Tsípras presented proposals for Europe to counter looming financial and trans-Atlantic turbulence, strengthen its cohesion, and elevate its geopolitical and economic position. The presentation was moderated by Peter A. Hall, Harvard’s Krupp Foundation Professor of European Studies and a resident faculty member at CES, where Tsípras is a Policy Fellow this spring.

“We are seeing historical changes in the world that affect not only the geopolitical balance of power and the post-war liberal international order, but democracy itself,” said Tsípras, who currently serves as a member of the Hellenic Parliament for the SYRIZA-Progressive Alliance party.

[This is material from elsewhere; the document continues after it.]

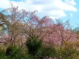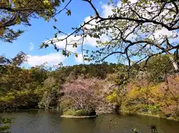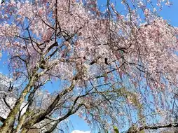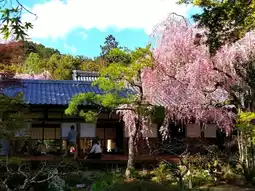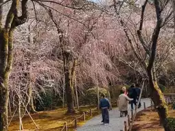 Ryoanji Temple has several great spots for cherry blossom viewing. First is the Kyoko Pond, where cherry trees are planted around the landscaped water garden, exuding a lively beauty. Following the path to the Hojo Garden, the weeping cherry tree at the entrance is the second photo spot. Lastly, within the Hojo Garden, the Zen-style rock garden features cherry blossoms hanging from the eaves, creating a serene and harmonious beauty.

He noted that the post-Cold War international order led not to fairly distributed growth but to the deregulation of financial markets, culminating in the global and European financial crises. He also said that the West had “underestimated the warnings that Russia would respond militarily if NATO insisted on adopting an open-door policy on Ukraine and Georgia in 2008.” U.S. engagement in the region has not allowed for the pivot to the Indo-Pacific to take place, leaving more space for China, “not only in the South China Sea but globally.”

These developments have heralded “a shift from a unipolar to a multipolar world in which the United States remains the most powerful force but has lost its dominance,” Tsípras said. To counter, the U.S. is “disengaging itself from any obligation toward Europe and promoting a logic of might makes right.”

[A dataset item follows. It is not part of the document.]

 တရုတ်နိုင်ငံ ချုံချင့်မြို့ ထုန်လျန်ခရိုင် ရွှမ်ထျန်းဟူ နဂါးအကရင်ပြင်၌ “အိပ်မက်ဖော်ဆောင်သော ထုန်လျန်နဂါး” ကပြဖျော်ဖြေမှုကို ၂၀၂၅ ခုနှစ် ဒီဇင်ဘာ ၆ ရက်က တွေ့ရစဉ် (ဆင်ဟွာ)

“We are seeing historical changes in the world that affect not only the geopolitical balance of power and the post-war liberal international order, but democracy itself.”

Alexis Tsipras

Tsípras called for Europe to enhance its strategic autonomy while retaining trans-Atlantic dialogue regardless of NATO’s future. “I believe strongly that Europe can and should use its common foreign and security policy to play a role not only of deterrence, but also as a force for peace and stability particularly in regions where NATO should not or cannot be present,” he said.

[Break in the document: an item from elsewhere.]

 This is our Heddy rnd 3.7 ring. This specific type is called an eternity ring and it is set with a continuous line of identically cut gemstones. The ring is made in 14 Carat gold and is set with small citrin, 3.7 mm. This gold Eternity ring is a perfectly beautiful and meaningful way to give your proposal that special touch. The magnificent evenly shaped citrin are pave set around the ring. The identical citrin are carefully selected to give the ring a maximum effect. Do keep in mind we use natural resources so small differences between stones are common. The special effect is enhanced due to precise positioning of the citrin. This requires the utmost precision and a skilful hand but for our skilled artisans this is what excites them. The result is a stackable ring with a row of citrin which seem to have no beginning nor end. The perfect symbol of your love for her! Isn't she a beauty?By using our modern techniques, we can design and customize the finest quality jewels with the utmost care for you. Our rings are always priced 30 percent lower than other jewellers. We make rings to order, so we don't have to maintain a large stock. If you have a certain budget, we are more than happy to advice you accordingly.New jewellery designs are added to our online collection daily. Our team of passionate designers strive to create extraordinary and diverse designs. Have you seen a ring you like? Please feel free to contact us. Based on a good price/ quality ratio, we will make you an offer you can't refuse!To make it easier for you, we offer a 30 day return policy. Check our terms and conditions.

Tsípras then named several strategic goals. These include an EU — not NATO — strategy for Ukraine that brings “peace with the best possible terms for Kyiv,” enforced by an international peacekeeping force, as well as a future that gives Ukraine the choice to “move toward the EU.” He also called for an end to Israel’s bombing in Gaza, as well as the resumption of talks for a two-state solution. He stressed the need for a clear message to Turkey, and said that the “unacceptable” recent arrest of opposition leader and mayor of Istanbul, Ekrem İmamoğlu, must have consequences. “We cannot convince anyone, particularly in the Global South, of our principles if we prove to have double standards,” he said.

For Europe’s economy, Tsípras outlined four policy proposals. First, he referred to Germany’s €900 billion fiscal package as a permanent break from Wolfgang Schäuble’s ordoliberal mindset, reflecting how much faster Europe would have exited the economic crisis if this mindset had been abandoned 15 years ago. He proposed “raising the debt threshold for all member states to around 100 percent.”

His second proposal called for Germany’s new fiscal approach to be leveraged “in a way that benefits Europe as a whole, rather than being used to subsidize domestic firms of bigger countries.”

His third proposal was for “the EU to supplement its common monetary policy with a federal fiscal instrument. A treasury department, just like the United States, as any other successful monetary union does.”

This federal treasury department could be empowered “to issue common European debt to finance the strategic autonomy of the EU on energy and defense, to facilitate the green transition, to promote research and innovation, to restore Europe’s crumbling network infrastructure, and, more importantly, to increase our cohesion funds and to reduce inequalities through investments in the welfare state and education.”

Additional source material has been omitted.